▸ **Information shown**:
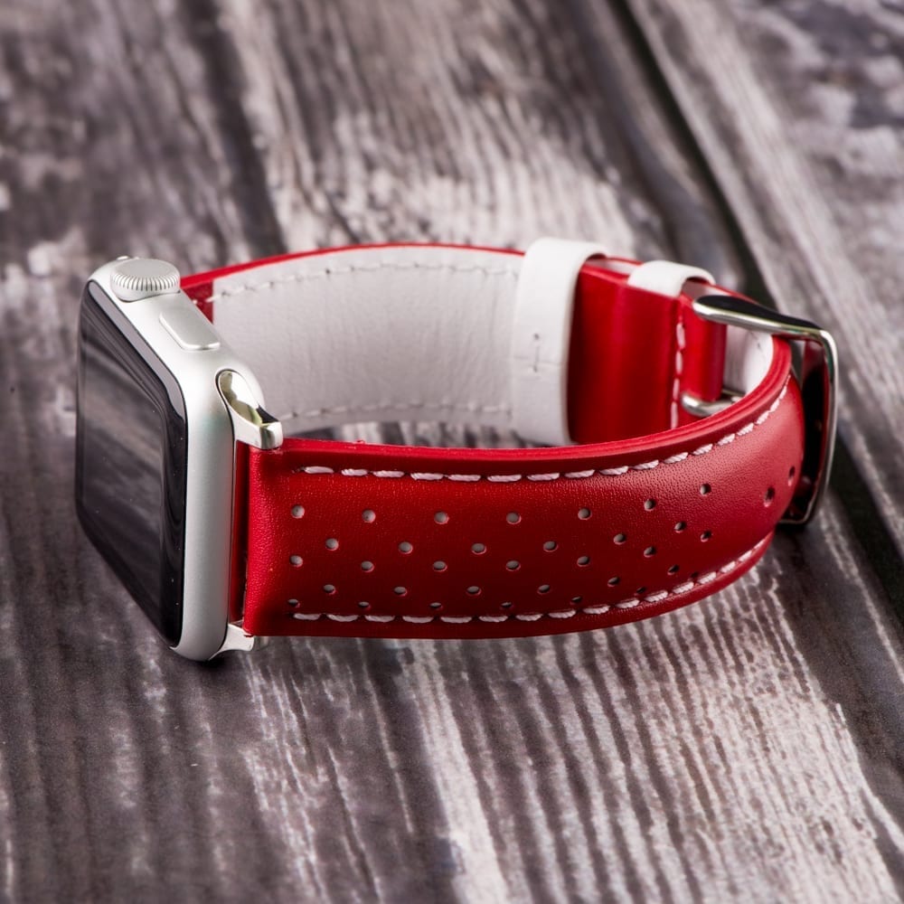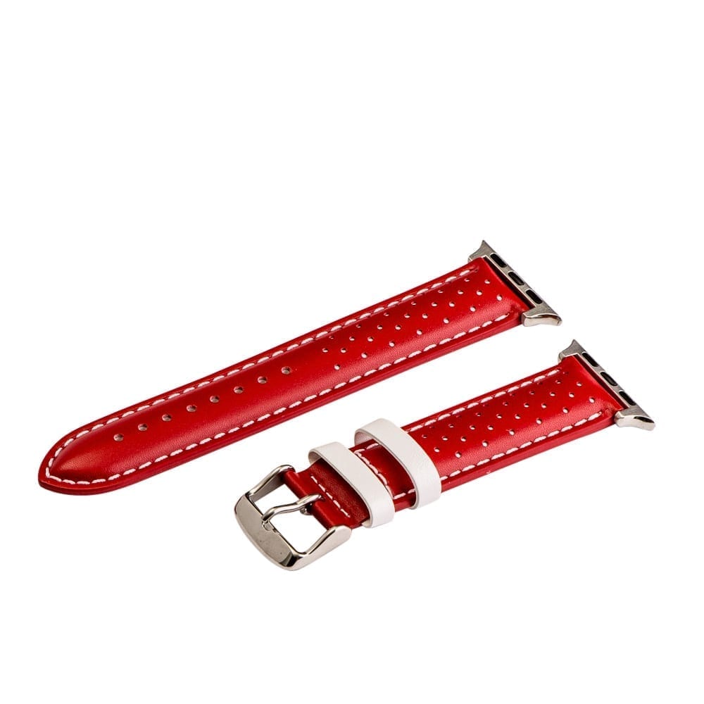 This is a pair of red & white Smooth Perforated Rally bands for Apple Watch®. Crafted from 100% genuine leather for a set of secure watch bands to hold your timepiece. There are multiple color options for selection regarding both the buckles and adapters. Thickness is 4mm at the center. There are 8 adjustability holes for a better attachment to the wrist.
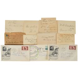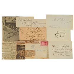 Collection of 12 items, consisting mostly of slips or cards, ranging in size from 3.25 x 1.5 to 6.5 x 3.5, each signed in ink by a notable hero of the
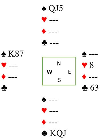 Vest har igjen ruter konge, men det kortet trumfes øst for å komme over til øst for å stjele nok en hjerter. Idet spillefører har trumfet to hjertere har vest kun igjen K-8-7 i spar, og disse kortene er igjen:
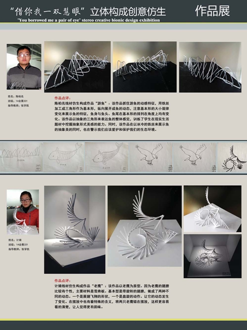 藝術設計系借遷入新教學場所的契機,因地制宜著力打造藝術設計系特有的教學環境氛圍,舉辦了2014年度課程交流作品系列展。本次課程交流系列展覽前后持續了40天,涉及和涵蓋了藝術設計系3個教研室7個專業方向的18個班級。該系列展覽整合了文化創意設計專業群多門平臺基礎課和專業方向課,既有一門課程的平行班的橫向對比,也有同一專業的縱向承接,集中展示了藝術設計系各門課程教學改革所取得的階段性成果,也反映藝術設計系學子孜孜以求、銳意創新的學習狀態。

▸ **Requirement**:
With the pictures left out, copy exactly the lines from the one containing "Collection of 12" through the last line of the data.

▸ **Reply**:
 Collection of 12 items, consisting mostly of slips or cards, ranging in size from 3.25 x 1.5 to 6.5 x 3.5, each signed in ink by a notable hero of the
 Vest har igjen ruter konge, men det kortet trumfes øst for å komme over til øst for å stjele nok en hjerter. Idet spillefører har trumfet to hjertere har vest kun igjen K-8-7 i spar, og disse kortene er igjen:
 藝術設計系借遷入新教學場所的契機,因地制宜著力打造藝術設計系特有的教學環境氛圍,舉辦了2014年度課程交流作品系列展。本次課程交流系列展覽前后持續了40天,涉及和涵蓋了藝術設計系3個教研室7個專業方向的18個班級。該系列展覽整合了文化創意設計專業群多門平臺基礎課和專業方向課,既有一門課程的平行班的橫向對比,也有同一專業的縱向承接,集中展示了藝術設計系各門課程教學改革所取得的階段性成果,也反映藝術設計系學子孜孜以求、銳意創新的學習狀態。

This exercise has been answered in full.